Former Living Hope Church leader, son, wife tell their tale

By Jessica Prokop, Columbian Local News Editor, and
Patty Hastings, Columbian Social Services, Demographics, Faith
Published: April 19, 2019, 5:08pm

Disgraced former Living Hope Church pastor John Bishop is once again in the limelight.

The convicted drug-smuggler, who was ousted from the Vancouver church in the fall of 2015, was featured in an April 19 Vanity Fair story called “The Church of Living Dangerously: How One of America’s Biggest Pastors Became a Drug Runner for a Mexican Cartel.”

Bishop, 56, was arrested in December 2017 for attempting to smuggle nearly 300 pounds of marijuana into the United States from Mexico. He later pleaded guilty, and following a number of contentious hearings, was sentenced the day before Thanksgiving to five years in federal prison. He is being housed at the medium security Federal Correctional Institution in Florence, Colo. Bishop is set to be released Dec. 29, 2022.

In 6,015 words, the Vanity Fair writer, David Kushner — who’s also written for The New York Times and Rolling Stone, and authored a number of nonfiction books — tells Bishop’s life story, including unverified details about his dealings with Mexican drug cartels, as told by Bishop, his wife, Michelle, and their adult son, David.

Bishop gave a similar interview to The Columbian about a week prior, in September, days before the paper published a six-story series on Bishop’s fall from grace. The account he gave The Columbian, most of which he requested not be printed, largely diverges from the narrative he and his family shared with Vanity Fair. The magazine did not reference any of The Columbian’s reporting.

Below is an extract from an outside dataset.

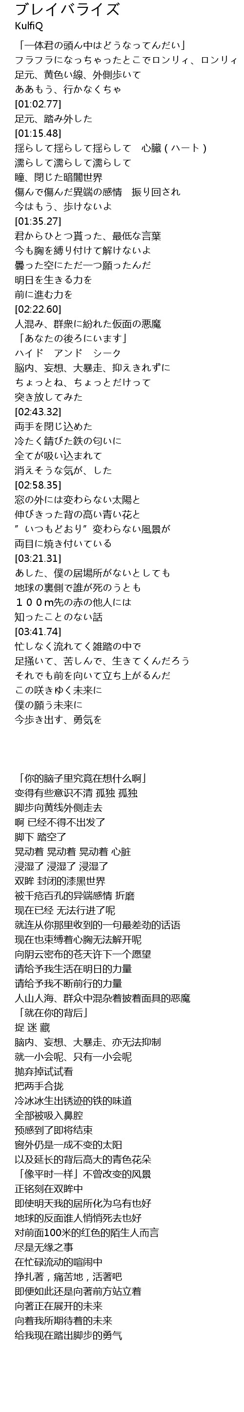 | [02:33.19] | 脳内、妄想、大暴走、抑えきれずに |

Bishop’s frequently changing story about his drug-running for the New Generation Cartel in Mexico got him into trouble with federal authorities as he approached sentencing.

His plea deal collapsed by September after new evidence showed he repeatedly had been untruthful with prosecutors and the FBI. Bishop was hopeful he’d receive a reduced sentence through a special provision for certain nonviolent drug offenders with little to no criminal history, but instead, he was sentenced to the five-year minimum.

In his interview with Vanity Fair, Bishop said that after he was ousted from Living Hope, he started using heroin and methamphetamine to better understand his son, David, who used and sold drugs. David Bishop, 33, told the magazine that he sold drugs to Living Hope congregants behind the church.

“I definitely took advantage of being a pastor’s son. Because he was untouchable I was untouchable,” he told the magazine.

John Bishop said he once had a friend of his son’s use a syringe to squirt several drops of heroin into his eyes, according to Vanity Fair.

“I wanted him to know I loved him enough to jump into his life with him. It sounds super weird, but it was the only way,” John Bishop told the magazine.

As the Bishops’ lives continued to unravel, father and son said they took a road trip to Cabo San Lucas, Mexico, where the Bishops owned a vacation home in a gated community. Along the way, the two used methamphetamine and heroin, they told the magazine.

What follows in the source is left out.